You'll notice the above CREATE TABLE statement includes one new column at the beginnning: 


`id INTEGER PRIMARY KEY AUTOINCREMENT, `

A primary key is a field in a table which uniquely identifies each row/record in a database table. Primary keys must contain unique values. When we include id INTEGER PRIMARY KEY AUTOINCREMENT, we are inlcuding a column that will act as a primary key for each row in the table. AUTOINCREMENT just means that SQL will automatically update each new row in the table with the next available primary key. This will become more clear later on, when we begin to add data to our tables


### Creating The Employees Table

`sqlite3 barbershop.db < create_employees.sql`

When we run the above on the command line, we are telling SQLite3 to run the SQL statements in the create_employees.sql file in our barbershop database. In this case, creating our employees tabe:
```sql
CREATE TABLE employees (id INTEGER PRIMARY KEY AUTOINCREMENT, name TEXT, phone_number TEXT, email TEXT);
```

Our table is now stored in the barbershop.db file. We can check on this by running the following in the command line:

`sqlite3 barbershop.db`

`.tables`

If successful, you should receive a response with the table names.

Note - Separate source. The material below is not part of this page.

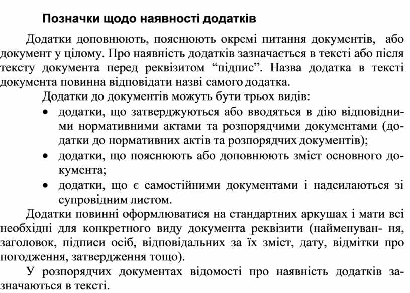 Додатки доповнюють, пояснюють окремі питання документів, або документ у цілому. Про наявність додатків зазначається в тексті або після тексту документа перед реквізитом “підпис”. Назва додатка в тексті документа повинна відповідати назві самого додатка.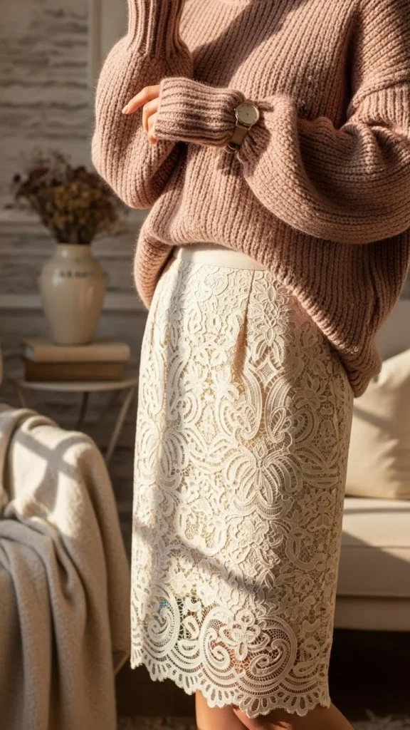 15. Lace Skirt With a Cozy Sweater

Running `.schema` in place of `.tables`, should return the schema of the tables in the datatbase.

As our database can store multiple tables, lets add a table for customers as well.

### Conclusion

At the beginning of the lesson we talked about some of the key concepts of SQL databases. Databases are made up of **tables** which store information about a single entity. These tables are made up of **columns** that store different attributes about our data. **Rows** in the table represent individual members of a table. For each individual member of a table, we will have a separate row, and each attribute of that row is in a column. 
In our example, the barbershop database has a table called `employees`. The columns of our `employees` table are attributes of the employees, like name and phone number. 
Each row of our `employees` table will represent one member of this entity. In our next lesson, we will learn how to insert the data, or rows, into the table.